### Brief
Repeat the listing verbatim. Drop any pictures.

### Supplied information
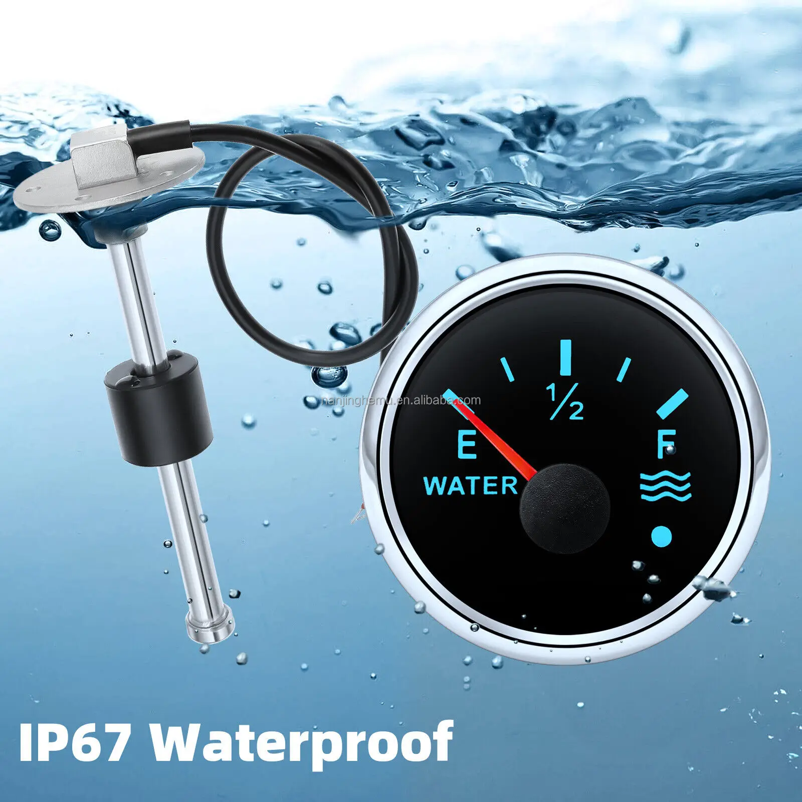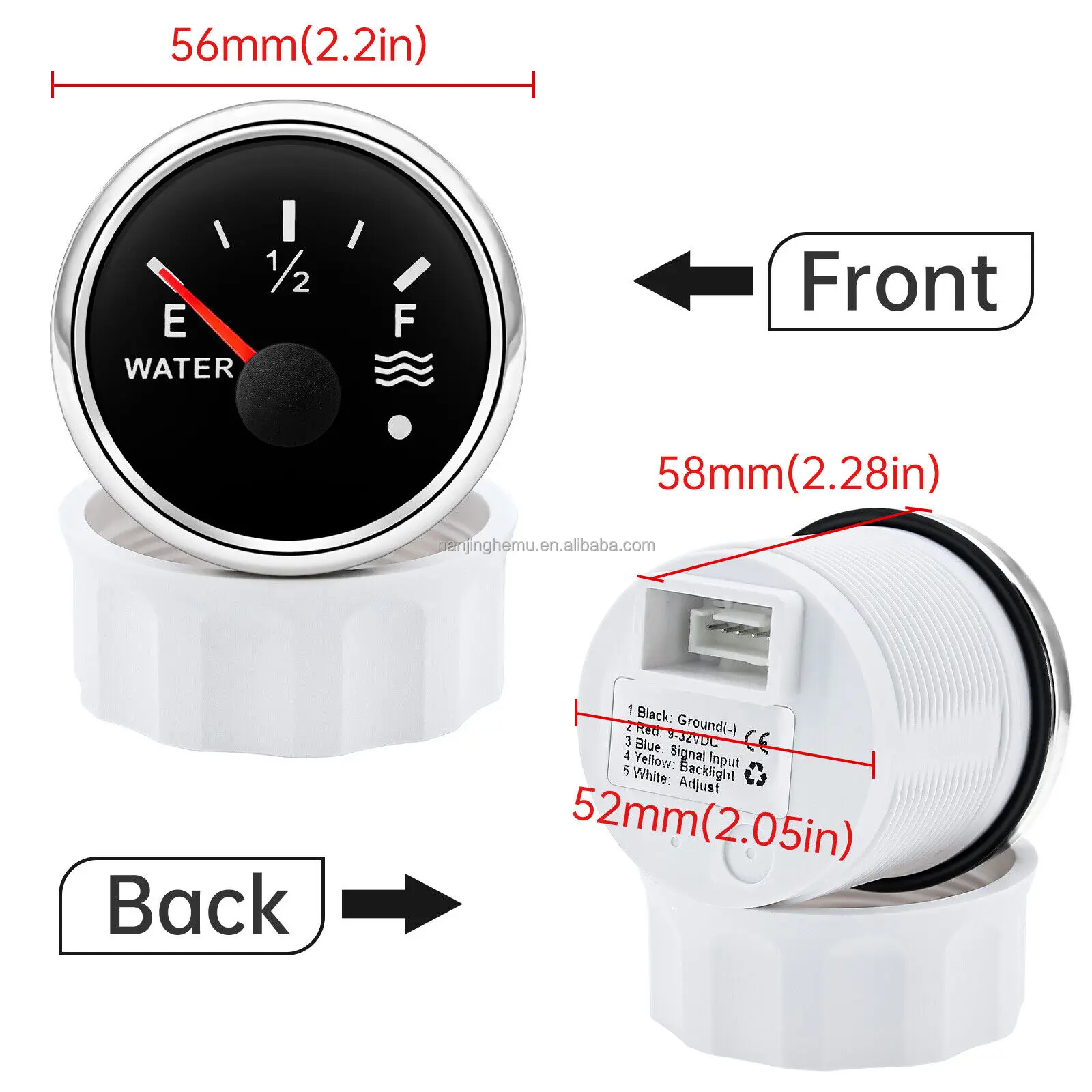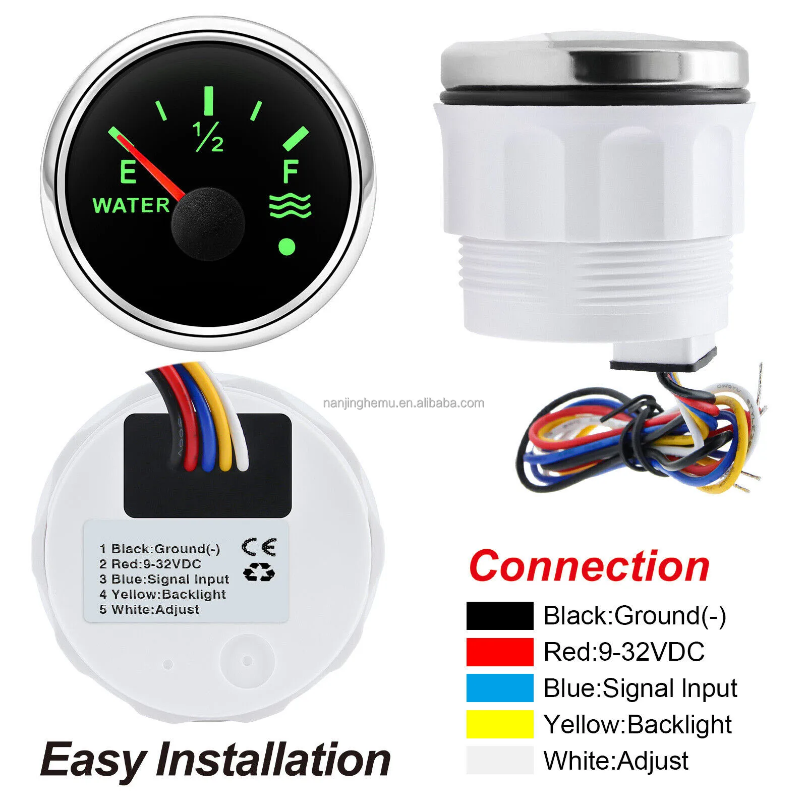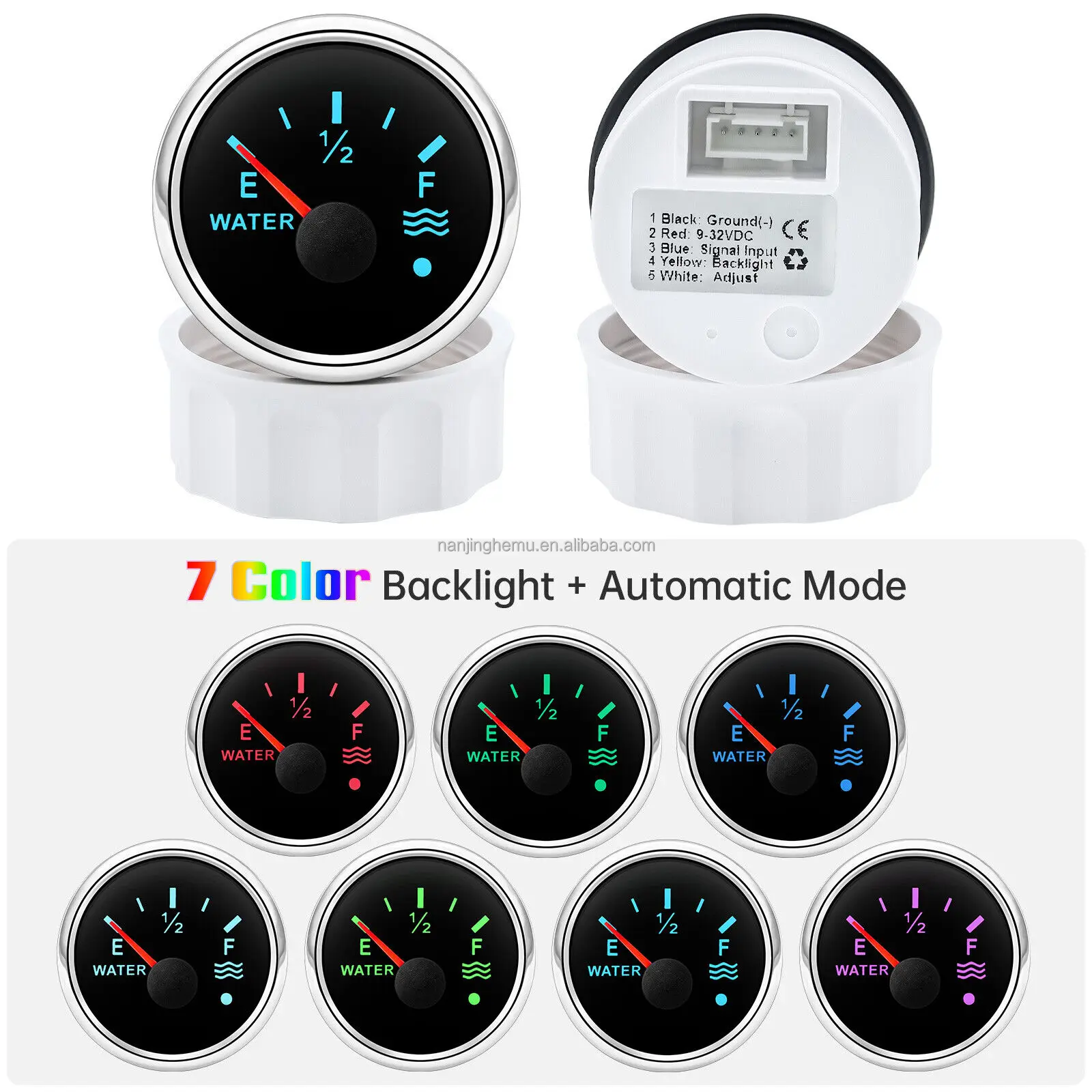 This gauge have 7 backlight color : red??green??blue??yellow??olivine??orange??purple. totally 7kinds different backlight color. it will change automatically every 1 minute.Fantastic waterproof Function: Can work in the water.You can fix only one color you like by pressing the gauge back "set" button.Gauges front cover use stainless steel 316L for long-term use even in acid-base and humid environment.IP67 waterproof and dustproof grade.Stepper motors used for full range of stepping gauges.great feature with its less power consumption.longer life.higher precision etc.With curved glass (with anti-fog function).With ultra-wide working voltage design (long-term operating voltage:9-32v.maximum up to:36v).There is a snap together with the harness connector.for best and firmly connected.in order that the gauges could work even in strong.viberation.products can be used for the engines/generating units.ships.construction machinery.agricultural machinery.automotive modification etc.Installation instructions:1.Before installation. firstly. to open a hole 52mm of the panel .make sure there is a space with (55mm backyard of panel)as well.2. Put the gauge in the hole and screw down.Connection: Red–+9-30VDCBlue–Signal InputYellow–Backlight(+)Black–Ground(-) Package List:1x Fuel Level Gauge1x Wiring Harness1x Instruction Manual
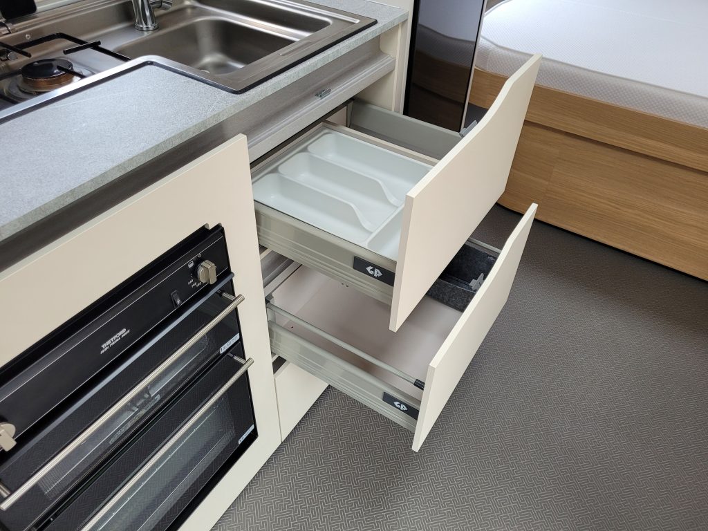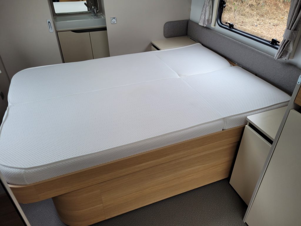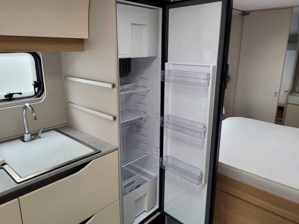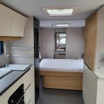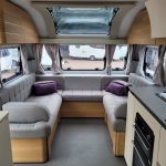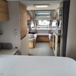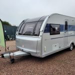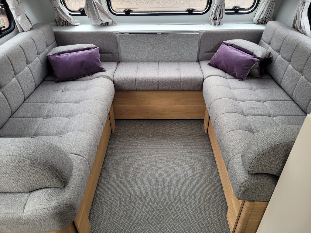 Very spacious, eight-foot wide, single axle four berth caravan with a luxurious finish throughout. Featuring a roomy U-shaped seating area at the front converting to a double bed, large transverse fixed island bed with adjustable bed heads, centre kitchen area with tall fridge freezer and integrated microwave, whilst the end bathroom has a cassette toilet, separate shower cubicle and vanity hand basin unit. This caravan further benefits from a motor mover already fitted for ease of manoeuvring and Alde wet central heating system to keep you comfortable all year round.
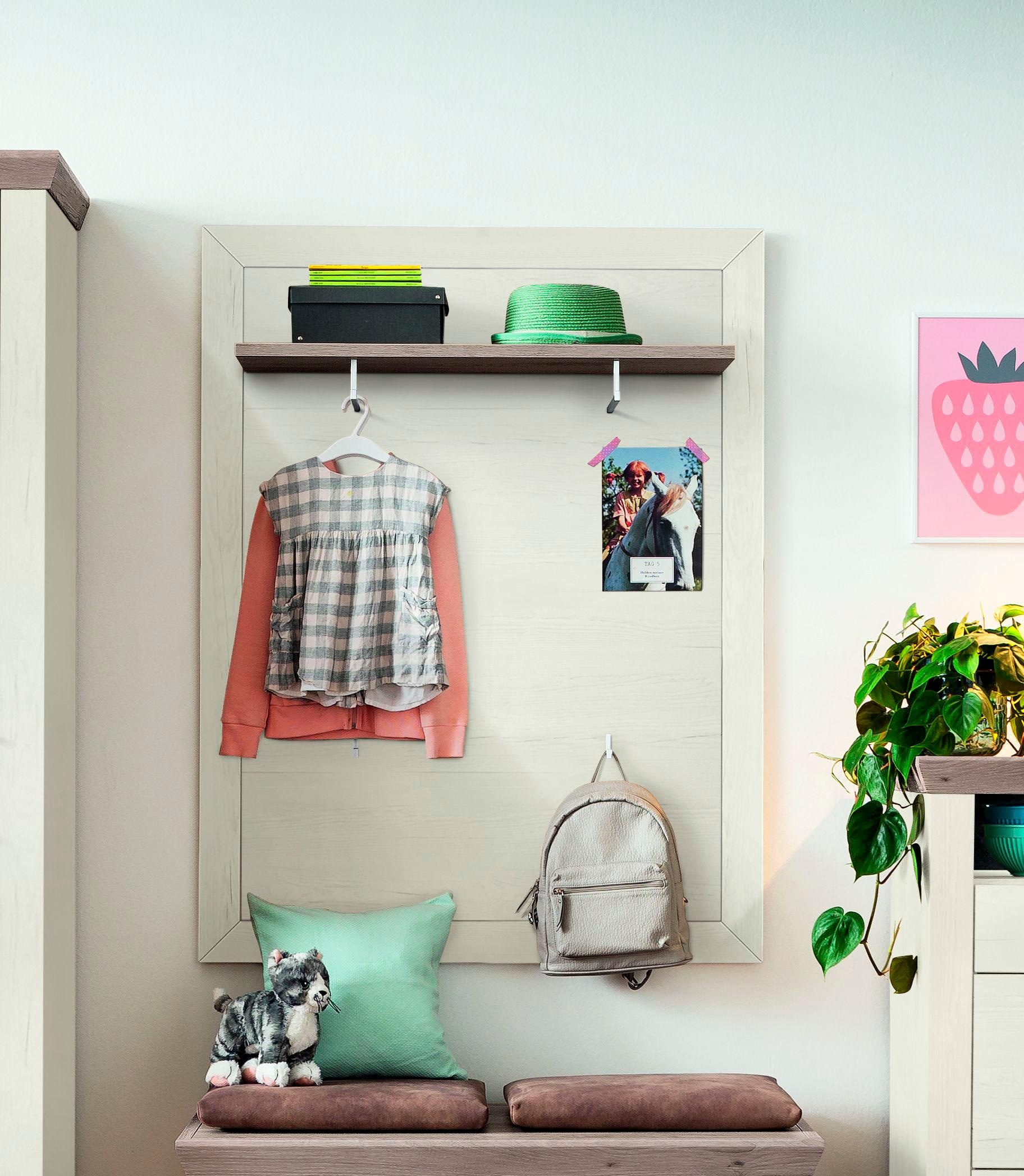 set one ist die Marke für alle Jungen und Junggebliebenen. Der Zusatz »by Musterring« im Logo macht klar: Wie schon bei Musterring wird auch bei set one Qualität groß geschrieben.  Ein bisschen klassisch und gleichzeitig modern präsentiert sich die Serie »york« von set one by Musterring. Freundlich, hell, gemütlich - Lebensfreude pur - das ist der Stil dieser Serie.  Das Paneel ist die optimale Ergänzung zu den verschiedenen Dielen Elementen der Serie »york«. Ein Ablageboden und vier Wandhaken schaffen Platz für Jacken, Taschen und Accessoires. Das Paneel ist mit max. 3 KG belastbar.

### Result of this exercise
 This gauge have 7 backlight color : red??green??blue??yellow??olivine??orange??purple. totally 7kinds different backlight color. it will change automatically every 1 minute.Fantastic waterproof Function: Can work in the water.You can fix only one color you like by pressing the gauge back "set" button.Gauges front cover use stainless steel 316L for long-term use even in acid-base and humid environment.IP67 waterproof and dustproof grade.Stepper motors used for full range of stepping gauges.great feature with its less power consumption.longer life.higher precision etc.With curved glass (with anti-fog function).With ultra-wide working voltage design (long-term operating voltage:9-32v.maximum up to:36v).There is a snap together with the harness connector.for best and firmly connected.in order that the gauges could work even in strong.viberation.products can be used for the engines/generating units.ships.construction machinery.agricultural machinery.automotive modification etc.Installation instructions:1.Before installation. firstly. to open a hole 52mm of the panel .make sure there is a space with (55mm backyard of panel)as well.2. Put the gauge in the hole and screw down.Connection: Red–+9-30VDCBlue–Signal InputYellow–Backlight(+)Black–Ground(-) Package List:1x Fuel Level Gauge1x Wiring Harness1x Instruction Manual
 Very spacious, eight-foot wide, single axle four berth caravan with a luxurious finish throughout. Featuring a roomy U-shaped seating area at the front converting to a double bed, large transverse fixed island bed with adjustable bed heads, centre kitchen area with tall fridge freezer and integrated microwave, whilst the end bathroom has a cassette toilet, separate shower cubicle and vanity hand basin unit. This caravan further benefits from a motor mover already fitted for ease of manoeuvring and Alde wet central heating system to keep you comfortable all year round.
 set one ist die Marke für alle Jungen und Junggebliebenen. Der Zusatz »by Musterring« im Logo macht klar: Wie schon bei Musterring wird auch bei set one Qualität groß geschrieben.  Ein bisschen klassisch und gleichzeitig modern präsentiert sich die Serie »york« von set one by Musterring. Freundlich, hell, gemütlich - Lebensfreude pur - das ist der Stil dieser Serie.  Das Paneel ist die optimale Ergänzung zu den verschiedenen Dielen Elementen der Serie »york«. Ein Ablageboden und vier Wandhaken schaffen Platz für Jacken, Taschen und Accessoires. Das Paneel ist mit max. 3 KG belastbar.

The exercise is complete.